For those of us who are learning about global dynamics under the reign of the capitalist hegemony, it is well known that criticisms against China do not only come from the western establishment, which is eager to contain its economic threat, but they also come from western socialists. Their tone against China in engaging in the global market economy, in particular, economic activities with countries known to be inhumane, atrocious, unjust, undemocratic and so on–for example, Saudi Arabia, Israel, Rwanda and so on–is especially harsh. Their anger and despair are so acute that they may sound as if they are more hostile to China than anyone in the US establishment. Considering what those countries do to oppressed people, the sentiment is perhaps understandable.

However, oddly, we don’t hear the sort of pointed criticism against China when it’s engaging in economic activities with the biggest offender of all those monstrosities. The country in focus is of course the United States of America. I guess for those socialists who are not only engaging in economic activities with the US, but are physically residing in the US, paying tax to the murderous empire, being a part of the war economy and benefitting from its dwindling social services, it might be hard to recognize the meaning of dealing with the evil empire.

This article eloquently discusses logic and historical contexts of the Chinese socialist trajectory.

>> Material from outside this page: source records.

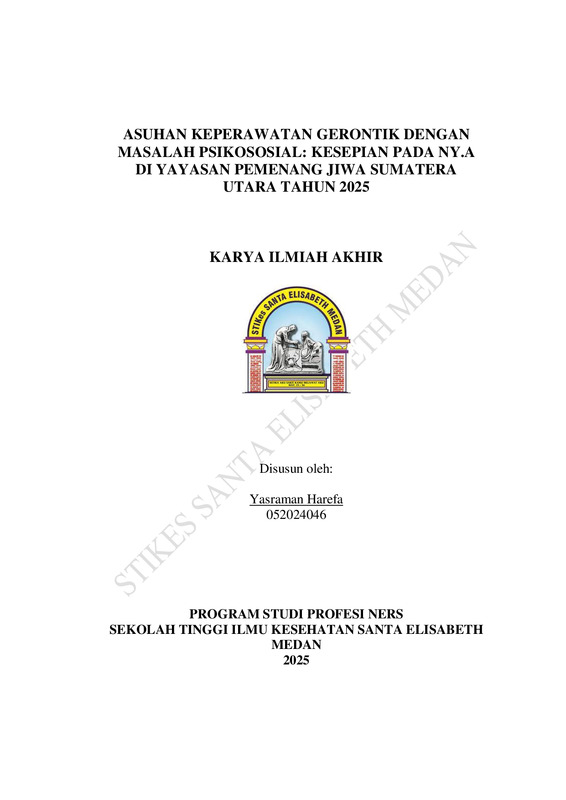 Asuhan Keperawatan Gerontik Dengan Masalah Psikososial: Kesepian Pada Ny.A Di Yayasan Pemenang Jiwa Sumatera Utara Tahun 2025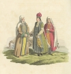 19世紀初期イギリスで刊行されたロシアの民族衣装図集「ロシア帝国の衣装」中の一図。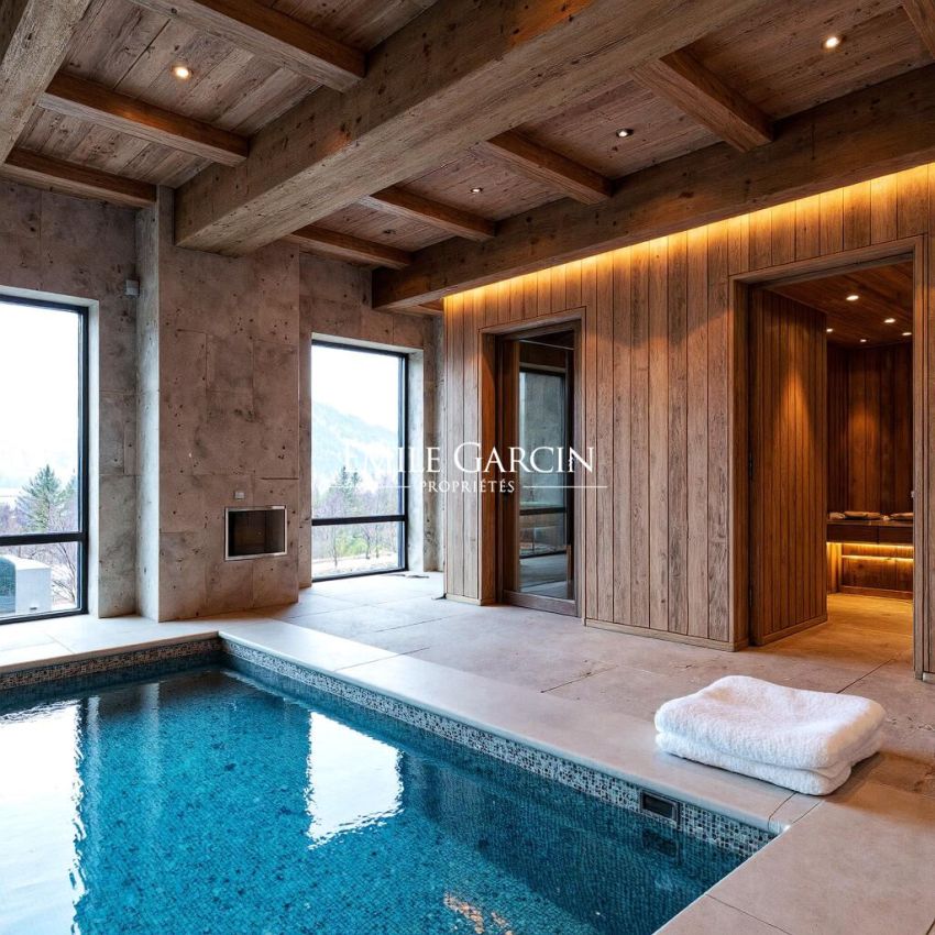 Édifié sur un terrain de 1 860 m², le projet prévoit la création d'une surface de plancher totale de 763 m², répartie entre la ferme principale et un chalet annexe, reliés par un bâtiment en sous-sol. L'ensemble développera 17 pièces, dont 4 chambres en suite, un dortoir, une master, un studio personnel ainsi qu'un grand séjour cathédrale très spacieux, idéal pour recevoir famille et amis dans un cadre chaleureux et raffiné.

Perhaps, those socialists in the US who are most likely can’t even proudly proclaim being socialists to their superiors at their work places, might understand the predicament and necessity of China choosing the long way against imperialism in achieving the Chinese version of communism.
Descriptions of the Chinese participation in the market economy [are often] not only not factual, but lacking fundamental understanding of its basic mechanism. The link below describes the characteristics, which certainly differ from the western counterpart in many ways.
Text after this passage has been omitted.